## Aim of the task
Below are records; the lines starting at the one with "Una invitación a" and ending at the one with "85 SKINS | BLACK" must be reproduced exactly, both included. Pictures must not appear.

-------- Records for the task

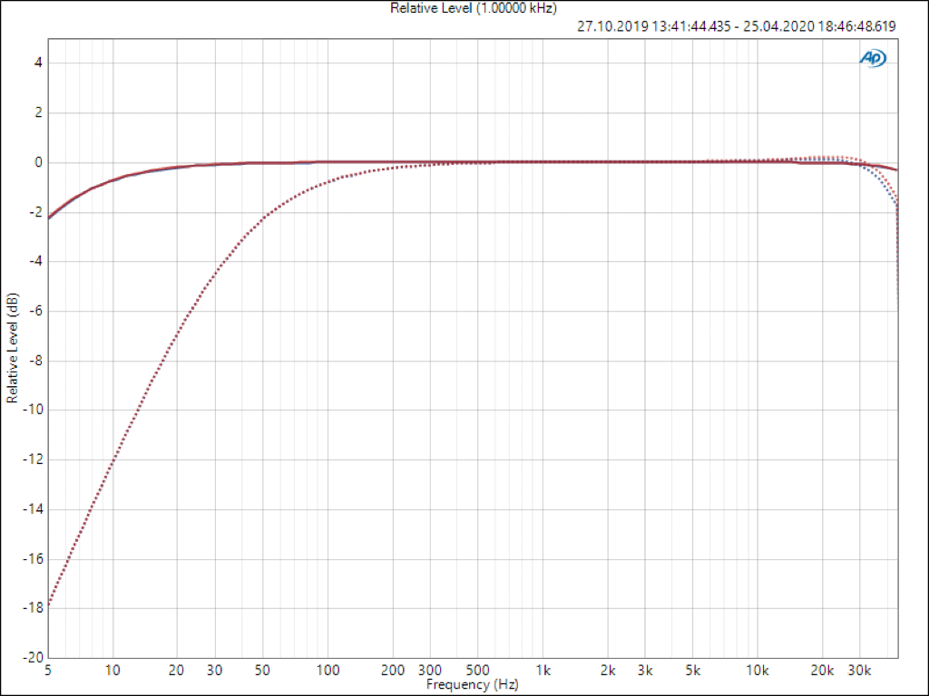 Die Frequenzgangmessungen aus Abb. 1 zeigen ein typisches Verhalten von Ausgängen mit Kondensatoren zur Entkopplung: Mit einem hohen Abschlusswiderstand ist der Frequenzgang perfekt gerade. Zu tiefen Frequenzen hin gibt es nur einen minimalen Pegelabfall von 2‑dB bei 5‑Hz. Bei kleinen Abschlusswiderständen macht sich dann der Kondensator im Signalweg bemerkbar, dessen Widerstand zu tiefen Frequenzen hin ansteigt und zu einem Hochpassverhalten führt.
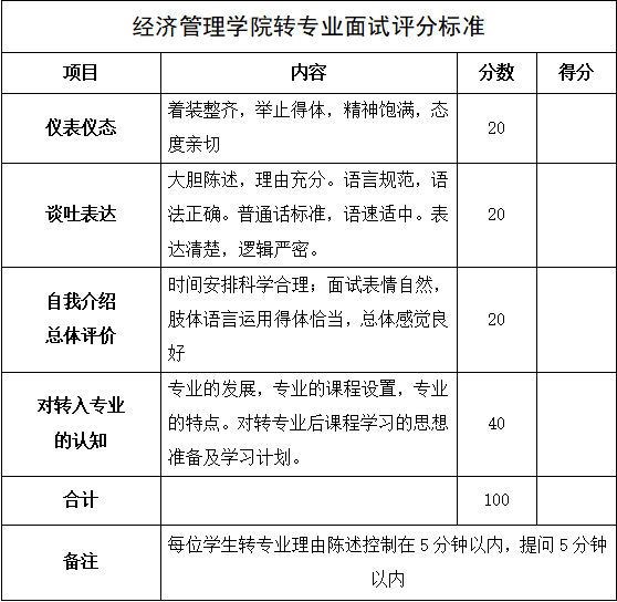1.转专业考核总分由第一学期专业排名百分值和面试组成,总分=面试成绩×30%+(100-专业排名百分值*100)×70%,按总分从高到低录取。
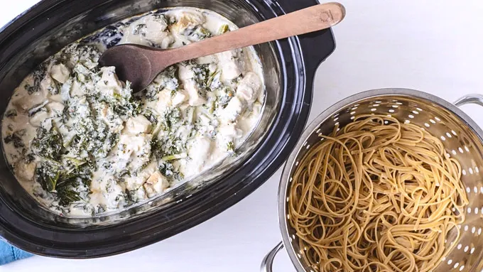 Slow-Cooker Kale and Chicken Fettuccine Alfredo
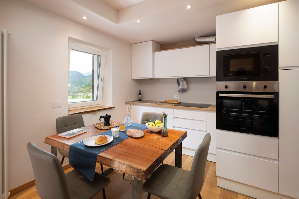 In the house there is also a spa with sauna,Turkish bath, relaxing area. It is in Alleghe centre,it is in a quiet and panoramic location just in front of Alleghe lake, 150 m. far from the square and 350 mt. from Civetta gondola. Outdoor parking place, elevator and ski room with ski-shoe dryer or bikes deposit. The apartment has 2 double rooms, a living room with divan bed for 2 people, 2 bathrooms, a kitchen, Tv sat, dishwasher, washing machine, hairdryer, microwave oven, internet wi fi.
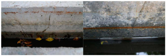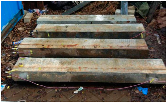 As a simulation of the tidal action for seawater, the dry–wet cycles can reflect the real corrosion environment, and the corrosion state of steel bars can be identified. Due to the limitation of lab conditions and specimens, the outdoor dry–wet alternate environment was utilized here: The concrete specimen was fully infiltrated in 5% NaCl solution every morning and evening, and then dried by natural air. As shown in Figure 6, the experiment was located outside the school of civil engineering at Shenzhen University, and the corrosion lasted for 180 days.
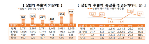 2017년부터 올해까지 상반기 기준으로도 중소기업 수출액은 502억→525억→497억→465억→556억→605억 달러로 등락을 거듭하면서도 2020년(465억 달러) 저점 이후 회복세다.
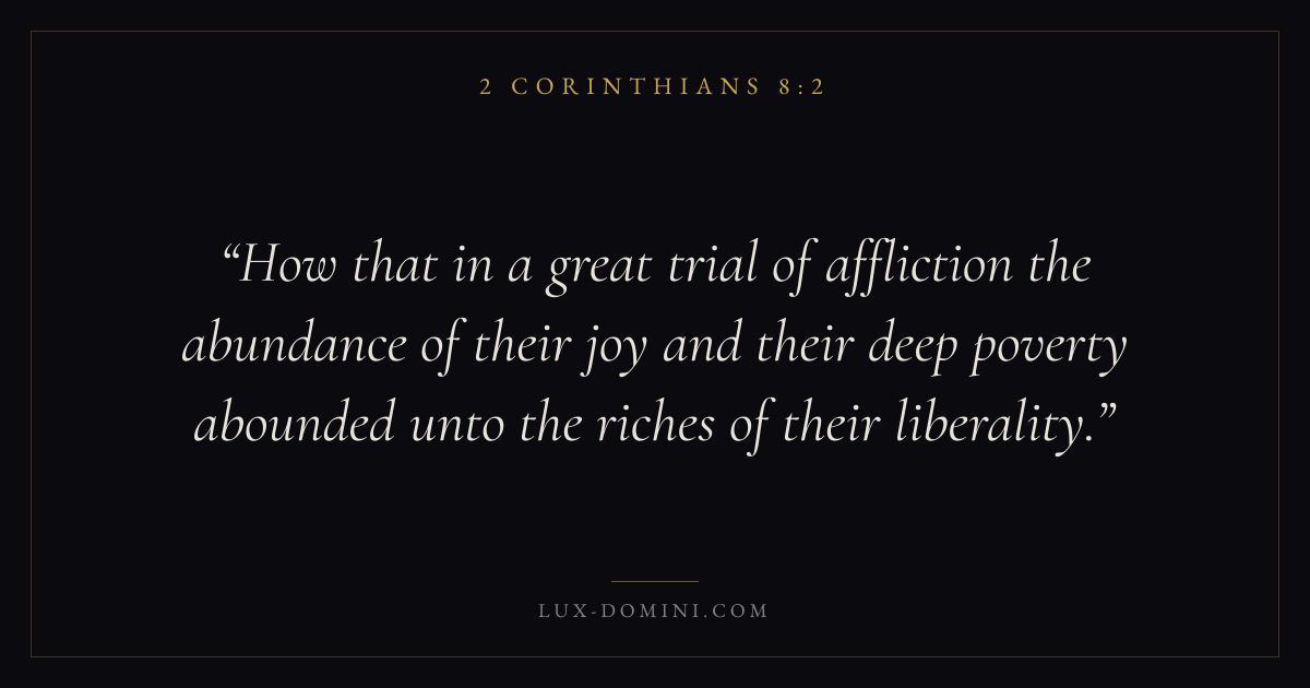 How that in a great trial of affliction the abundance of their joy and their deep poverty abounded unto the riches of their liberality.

----------------
-------- Records for the task

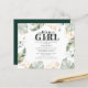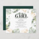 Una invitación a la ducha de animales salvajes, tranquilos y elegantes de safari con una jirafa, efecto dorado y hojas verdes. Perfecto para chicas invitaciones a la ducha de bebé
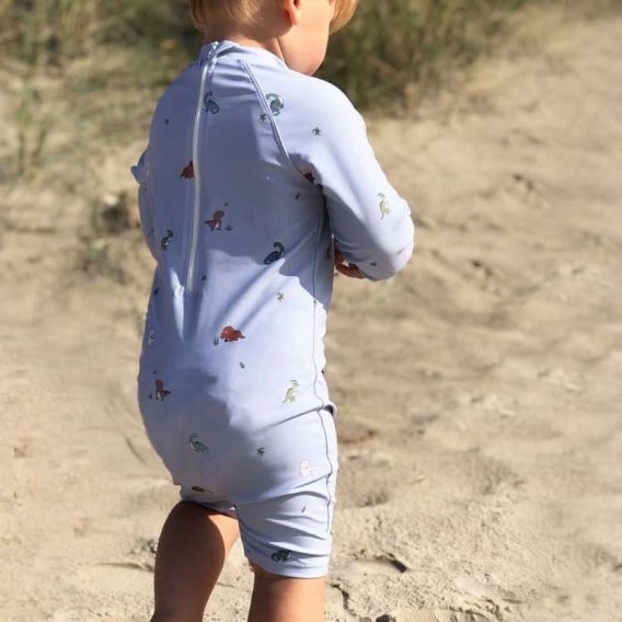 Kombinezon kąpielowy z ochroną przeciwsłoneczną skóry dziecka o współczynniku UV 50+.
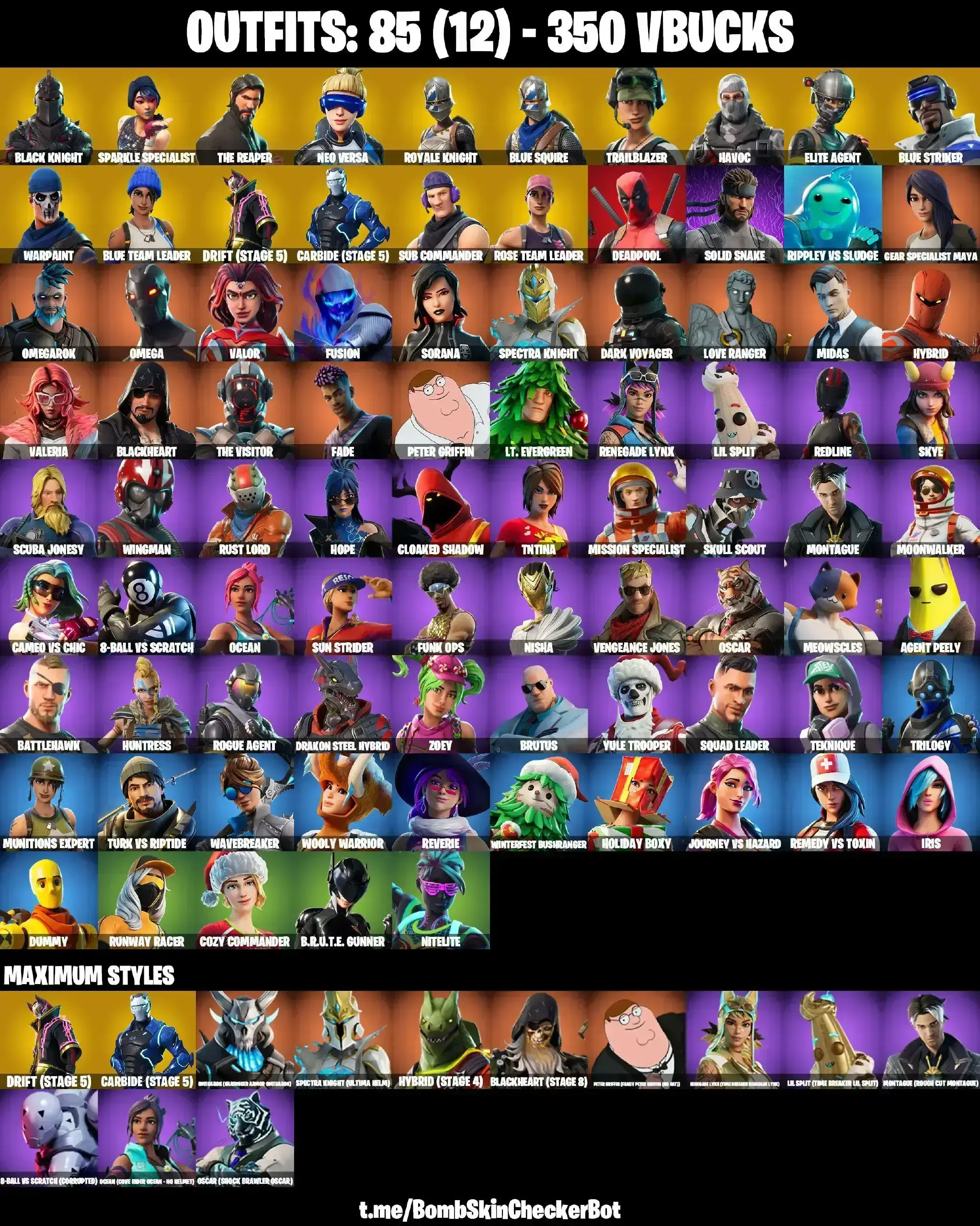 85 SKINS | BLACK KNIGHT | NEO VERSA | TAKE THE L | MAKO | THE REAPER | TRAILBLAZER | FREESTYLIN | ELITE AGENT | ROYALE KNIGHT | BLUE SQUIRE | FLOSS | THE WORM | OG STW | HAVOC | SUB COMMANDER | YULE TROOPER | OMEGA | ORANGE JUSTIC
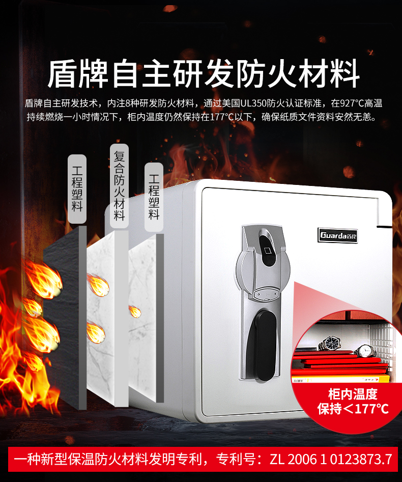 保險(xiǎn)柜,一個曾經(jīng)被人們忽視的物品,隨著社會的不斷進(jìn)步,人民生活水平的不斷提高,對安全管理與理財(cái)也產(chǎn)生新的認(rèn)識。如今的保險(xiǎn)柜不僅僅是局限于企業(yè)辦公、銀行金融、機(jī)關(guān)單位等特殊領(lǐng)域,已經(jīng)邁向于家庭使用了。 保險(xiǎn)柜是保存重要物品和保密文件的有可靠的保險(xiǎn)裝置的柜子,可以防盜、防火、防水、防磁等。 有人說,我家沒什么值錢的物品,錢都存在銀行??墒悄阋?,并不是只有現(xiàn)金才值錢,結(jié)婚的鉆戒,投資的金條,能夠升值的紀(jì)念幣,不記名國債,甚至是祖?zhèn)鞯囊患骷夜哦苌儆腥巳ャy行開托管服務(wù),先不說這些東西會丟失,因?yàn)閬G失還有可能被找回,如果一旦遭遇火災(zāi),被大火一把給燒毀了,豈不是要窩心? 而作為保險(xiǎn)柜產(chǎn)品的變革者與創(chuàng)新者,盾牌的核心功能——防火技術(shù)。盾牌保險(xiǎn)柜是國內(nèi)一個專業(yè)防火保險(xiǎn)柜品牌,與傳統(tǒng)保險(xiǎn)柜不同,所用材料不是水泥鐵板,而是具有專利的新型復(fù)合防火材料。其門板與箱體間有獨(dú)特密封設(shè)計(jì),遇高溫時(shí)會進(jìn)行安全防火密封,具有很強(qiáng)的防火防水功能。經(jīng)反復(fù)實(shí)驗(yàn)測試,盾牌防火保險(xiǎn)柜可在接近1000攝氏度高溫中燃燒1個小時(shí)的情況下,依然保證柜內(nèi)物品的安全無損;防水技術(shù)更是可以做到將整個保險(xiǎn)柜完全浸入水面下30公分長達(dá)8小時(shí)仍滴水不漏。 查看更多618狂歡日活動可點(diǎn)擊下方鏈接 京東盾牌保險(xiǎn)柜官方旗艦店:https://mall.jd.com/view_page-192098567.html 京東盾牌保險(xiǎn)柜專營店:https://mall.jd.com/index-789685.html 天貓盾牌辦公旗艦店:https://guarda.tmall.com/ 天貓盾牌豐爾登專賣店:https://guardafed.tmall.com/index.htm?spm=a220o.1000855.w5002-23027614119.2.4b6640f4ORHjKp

----------------
-------- Records for the task

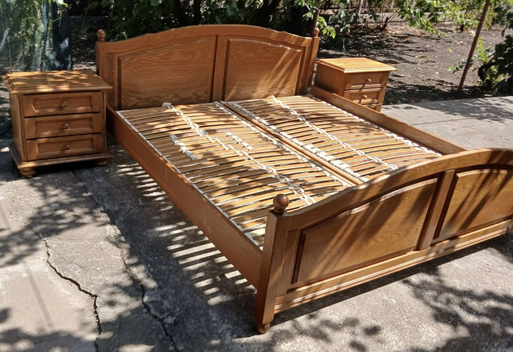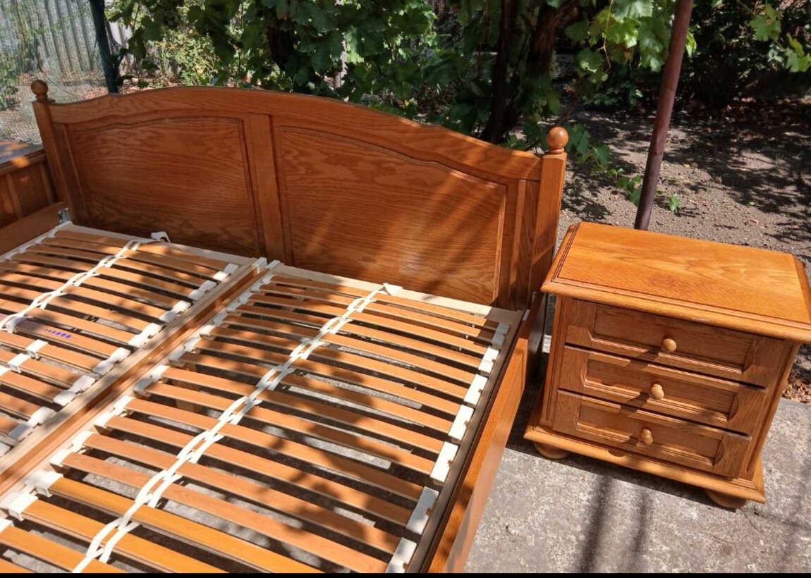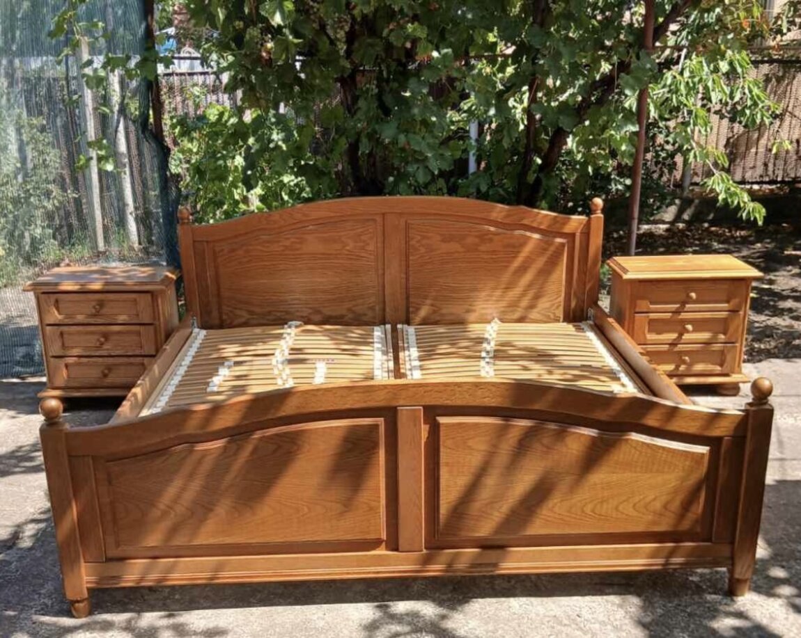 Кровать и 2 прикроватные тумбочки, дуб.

----------------

## Reply
 Una invitación a la ducha de animales salvajes, tranquilos y elegantes de safari con una jirafa, efecto dorado y hojas verdes. Perfecto para chicas invitaciones a la ducha de bebé
 Kombinezon kąpielowy z ochroną przeciwsłoneczną skóry dziecka o współczynniku UV 50+.
 85 SKINS | BLACK KNIGHT | NEO VERSA | TAKE THE L | MAKO | THE REAPER | TRAILBLAZER | FREESTYLIN | ELITE AGENT | ROYALE KNIGHT | BLUE SQUIRE | FLOSS | THE WORM | OG STW | HAVOC | SUB COMMANDER | YULE TROOPER | OMEGA | ORANGE JUSTIC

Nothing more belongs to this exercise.